Chewy breakfast bars packed with oats (or grain-free alternatives), seeds, berries and psyllium for sustained energy. These slice cleanly and travel well in lunchboxes or gym bags.
Ingredients (16 bars)
Dry ingredients
- 1 ½ cups certified gluten-free rolled oats (or 1 cup coconut flakes + ½ cup seeds for grain-free)
- ½ cup almond meal
- 2 tbsp ORGANIC INDIA Organic Whole Husk Psyllium
- ¼ cup shredded coconut
- ¼ cup chopped raw nuts (almonds, pecans)
- ¼ cup mixed seeds (sunflower, pumpkin, chia)
- ½ tsp cinnamon
- ¼ tsp sea salt
Wet ingredients
- 1 large ripe banana, mashed (~½ cup)
- ¼ cup maple syrup or brown rice syrup
- ¼ cup melted coconut oil
- 1 tsp vanilla extract
- 1 cup fresh or frozen mixed berries
Step-by-step method
- Preheat oven to 180°C (fan 160°C). Line 20 x 20 cm square pan with baking paper overhanging sides.
- Mix all dry ingredients in large bowl.
- In separate bowl, whisk mashed banana, syrup, coconut oil and vanilla until smooth.
- Add wet to dry ingredients, stir well to combine, then gently fold through berries.
- Press mixture firmly into prepared pan using wet spoon or lightly oiled hands.
- Bake 22–28 minutes until edges are golden and centre feels set when pressed.
- Cool in pan completely (2+ hours) before lifting out and slicing into 16 bars.
Why this ingredient?
Psyllium husk provides the "chew" and binding that keeps breakfast bars from crumbling in your bag.

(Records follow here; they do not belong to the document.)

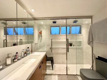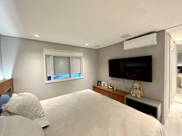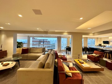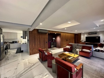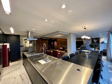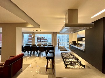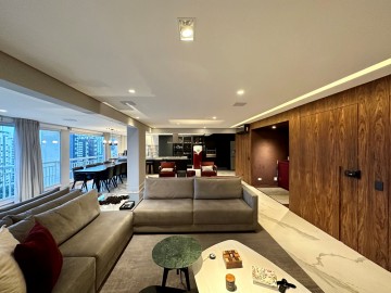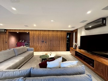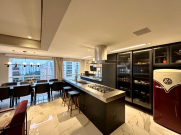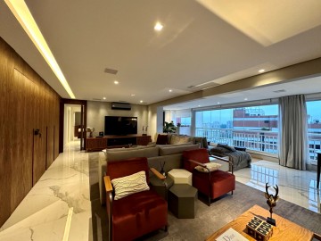 São 200m² com um amplo living integrado ao terraço gourmet, um piso de marmore por todo apartamento, acabamentos finos, marcenaria Ornare, ar condicionado em todos os ambientes e projeto de iluminação. Nesse imóvel o que não falta é amplitude e iluminação natural, além do toque de requinte. A área íntima dispõe de 3 suítes confortáveis, sendo a master com closet, elevador/hall privativo, 3 vagas de garagem fixas e depósito. O condomínio possui uma infraestrutura de lazer completa para toda família, além de contar com um gerador que atende 100% dos apartamentos. Este condomínio é um dos únicos do bairro que possui gerador pra atender 100% das unidades.
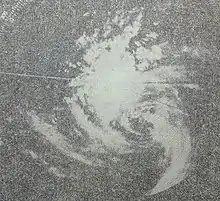 On July 8, a United States Air Force B-52 heading to Vietnam was caught in the circulation of Rita and crashed less than 280 km (170 mi) west of the storm.[4] Shortly after the incident, seven aircraft were deployed for search-and-rescue while a Japanese merchant vessel, the Ariake, provided assistance.[7] A United States Coast Guard Cutter, Basswood, was also sent to the area. Initial reports stated that all six of the aircraft's crew had been spotted amid 3 m (9.8 ft) swells.[8] Of the six crew, one died and the remaining five were rescued by the submarines Barb and Gurnard on July 9.[9]
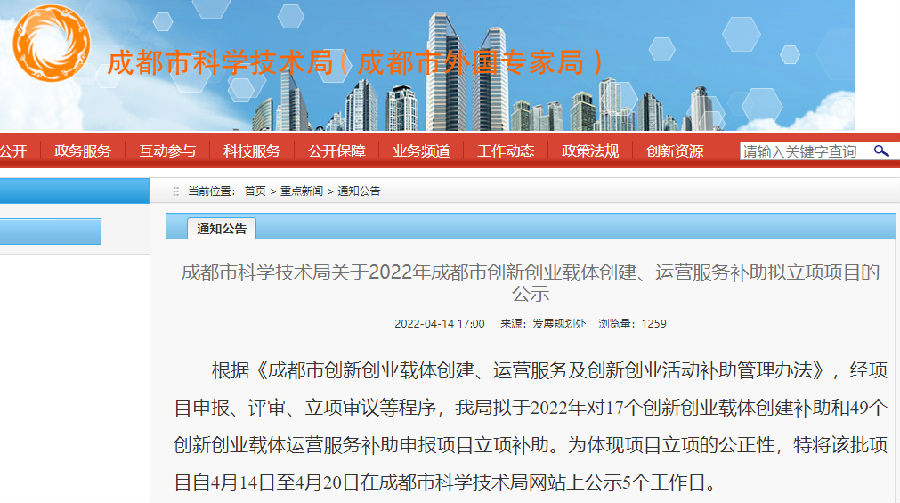 成都市科技技术局关于2022年成都市创新创业载体创建、运营服务补助拟立项项目的公示
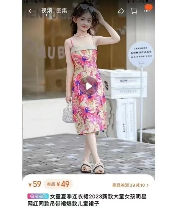 7月19日,九派新闻记者在网购平台检索同款儿童连衣裙发现,多位商家在其店铺上架该裙装,价格在49-79元不等。从花色、吊带裙款、布色拼接等方面看,与新闻当事人所穿裙装款式相差不大,尺寸有所区别。

Combined with oats/seeds and berries, it creates satisfying texture while boosting dietary fibre content significantly.
Variations & FAQs
- Grain-free: Use coconut flakes, extra nuts/seeds instead of oats.
- Chocolate chip: Add ⅓ cup dairy-free chocolate chips with dry ingredients.
- Storage: Keep in airtight container 5 days, freeze up to 2 months.